• **TASK BRIEF**:
Which lines of the entries below run from the one holding "The new Verizon" to the one holding "Наконец, уже совсем", inclusive? Set down exactly those lines and no others.

• **RECORDS FOR THIS TASK**:
- Opening Delimiter -

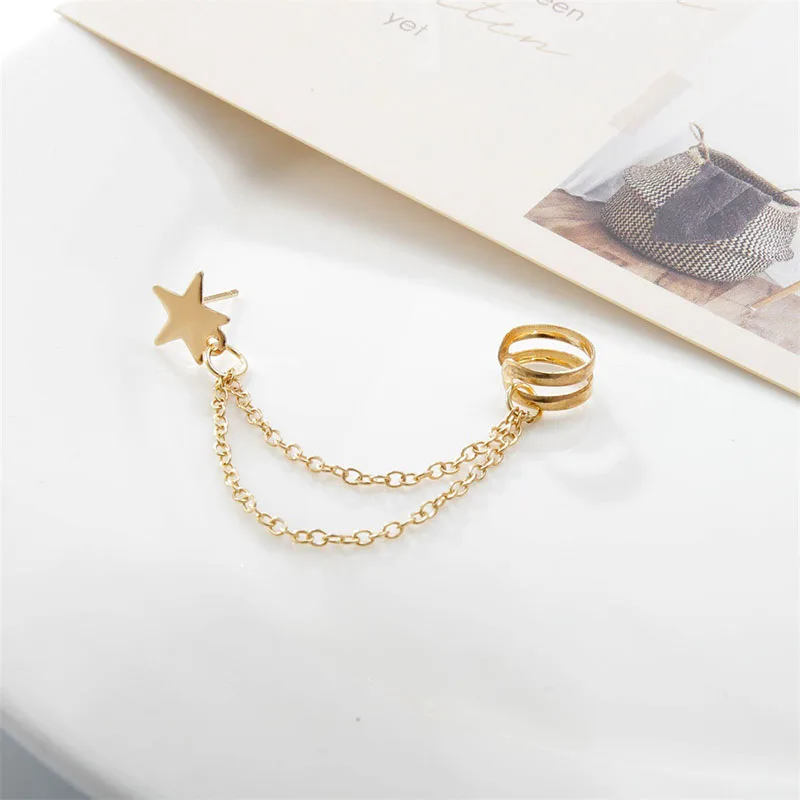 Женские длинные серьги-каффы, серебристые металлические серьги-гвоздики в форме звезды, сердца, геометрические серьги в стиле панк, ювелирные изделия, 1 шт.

- Closing Delimiter -
- Opening Delimiter -

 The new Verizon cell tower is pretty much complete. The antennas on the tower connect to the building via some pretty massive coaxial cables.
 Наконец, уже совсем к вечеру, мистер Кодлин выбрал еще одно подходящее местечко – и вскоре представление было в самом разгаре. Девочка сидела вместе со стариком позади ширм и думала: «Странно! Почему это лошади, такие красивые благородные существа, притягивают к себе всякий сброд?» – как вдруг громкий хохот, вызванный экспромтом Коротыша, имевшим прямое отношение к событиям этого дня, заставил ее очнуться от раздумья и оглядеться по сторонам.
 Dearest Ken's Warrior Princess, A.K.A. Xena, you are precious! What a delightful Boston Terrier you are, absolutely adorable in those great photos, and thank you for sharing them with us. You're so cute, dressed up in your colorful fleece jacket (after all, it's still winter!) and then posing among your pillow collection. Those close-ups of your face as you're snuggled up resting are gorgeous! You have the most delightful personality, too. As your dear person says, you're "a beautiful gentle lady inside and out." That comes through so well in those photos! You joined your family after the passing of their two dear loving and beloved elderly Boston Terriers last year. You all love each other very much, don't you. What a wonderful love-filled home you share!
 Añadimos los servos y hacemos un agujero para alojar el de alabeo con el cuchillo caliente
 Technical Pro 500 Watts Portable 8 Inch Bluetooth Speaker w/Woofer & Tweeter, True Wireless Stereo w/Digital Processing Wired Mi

- Closing Delimiter -

• **EXERCISE OUTPUT**:
 The new Verizon cell tower is pretty much complete. The antennas on the tower connect to the building via some pretty massive coaxial cables.
 Наконец, уже совсем к вечеру, мистер Кодлин выбрал еще одно подходящее местечко – и вскоре представление было в самом разгаре. Девочка сидела вместе со стариком позади ширм и думала: «Странно! Почему это лошади, такие красивые благородные существа, притягивают к себе всякий сброд?» – как вдруг громкий хохот, вызванный экспромтом Коротыша, имевшим прямое отношение к событиям этого дня, заставил ее очнуться от раздумья и оглядеться по сторонам.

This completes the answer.